So here are two approaches to this type of problems: you either keep a place holder, or you use the array itself as the place holder. Let’s go into more details.

Assume we have an array {1, 2, 3} and we need to shift everything to the right by 1 grid. Using a place holder, you first take out the 3, move the 2 to its place, move the 1 into 2’s place, then put the 3 back into 1’s place. Code could be like this:

vector<int> v{1, 2, 3};
int t = v.back();
for (int i = v.size()-1; i > 0; i--)
    v[i] = v[i-1];
v[0] = t;

This is intuitive and is what most people can think of. It is also efficient. However for slightly harder problems, we cannot hard code everything in one loop. Say we want to shift things over by k positions, things get more complicated because k might be a factor or multiple of array length n, and we need to write multiple loops. Before that, let’s look at the below code using the swap function for shifting by k.

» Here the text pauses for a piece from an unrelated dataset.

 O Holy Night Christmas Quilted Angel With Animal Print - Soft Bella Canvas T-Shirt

int next_place(int pos, int k, int n) {
    return (pos+k)%n;
}
 
void shift(vector<int>& v, int k) {
    int n = v.size();
    vector<bool> vis(n);
    for (int i = 0; i < n; i++)
        if (!vis[i]) {
            int next = next_place(i, k, n);
            do {
                swap(v[i], v[next]);
                vis[next] = true;
                next = next_place(next, k, n);
            } while (next != i);
        }
}

Let me illustrate the idea using the same example {1, 2, 3}: first we swap 1 and 2 to have {2, 1, 3}, then we swap 2 and 3 to get {3, 1, 2}. Essentially the first element is used as a place holder to hold 2 while we moved 1. This is always in linear time because all the work is associated with coloring the visited vector, and we never color the same dot twice. We also only access the visited vector once for read and once for write.

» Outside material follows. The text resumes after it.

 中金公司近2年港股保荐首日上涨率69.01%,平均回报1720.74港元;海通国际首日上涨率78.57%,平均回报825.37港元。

Note that this solution is not optimal to the problem, since we used O(n) extra space. With some gcd magic, we can eliminate the extra space, like this:

int gcd(int a, int b) {
    return b == 0 ? a : gcd(b, a%b);
}
 
int next_place(int pos, int k, int n) {
    return (pos+k)%n;
}
 
void shift(vector<int>& v, int k) {
    int n = v.size();
    for (int i = 0; i < gcd(n, k); i++)
        for (int j = next_place(i); j != i; j = next_place(j))
            swap(v[i], v[next]);
}

Whether we can do the problem in O(1) extra space is very dependent on the complexity of the problem (and whether your interviewer says so).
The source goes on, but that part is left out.